Please return exactly the lines below that run from the line with "Ảnh: L.V.Nhân |" through the end of the listing, both included, but not the pictures.

_Data segment_:
──────────

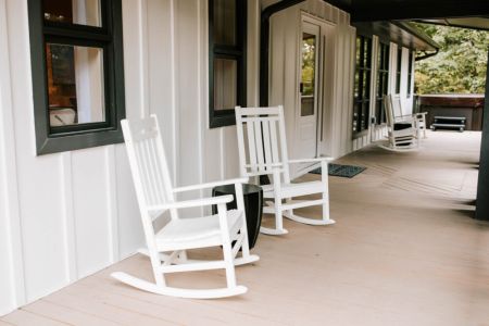 Enjoy the fresh air from the full-length front porch with rocking chairs, or relax on the back porch with dining space for four. Unwind in the private hot tub, sweat it out in the barrel sauna, or gather around the fire pit under the stars. The fenced backyard is great for privacy and safe for little ones.
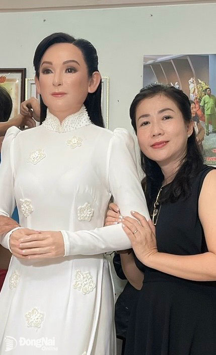 | Nghệ nhân Ngọc Diện bên sản phẩm tượng sáp nghệ sĩ Phi Nhung do chị tạo nên. Ảnh: L.V.Nhân |
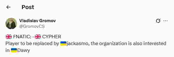 据Gromov爆料,fnatic将下放CYPHER。CYPHER的位置将由jackasmo替代,同时fnatic对Dawy也表现出了兴趣。

──────────

_Solution to this problem_:
 | Nghệ nhân Ngọc Diện bên sản phẩm tượng sáp nghệ sĩ Phi Nhung do chị tạo nên. Ảnh: L.V.Nhân |
 据Gromov爆料,fnatic将下放CYPHER。CYPHER的位置将由jackasmo替代,同时fnatic对Dawy也表现出了兴趣。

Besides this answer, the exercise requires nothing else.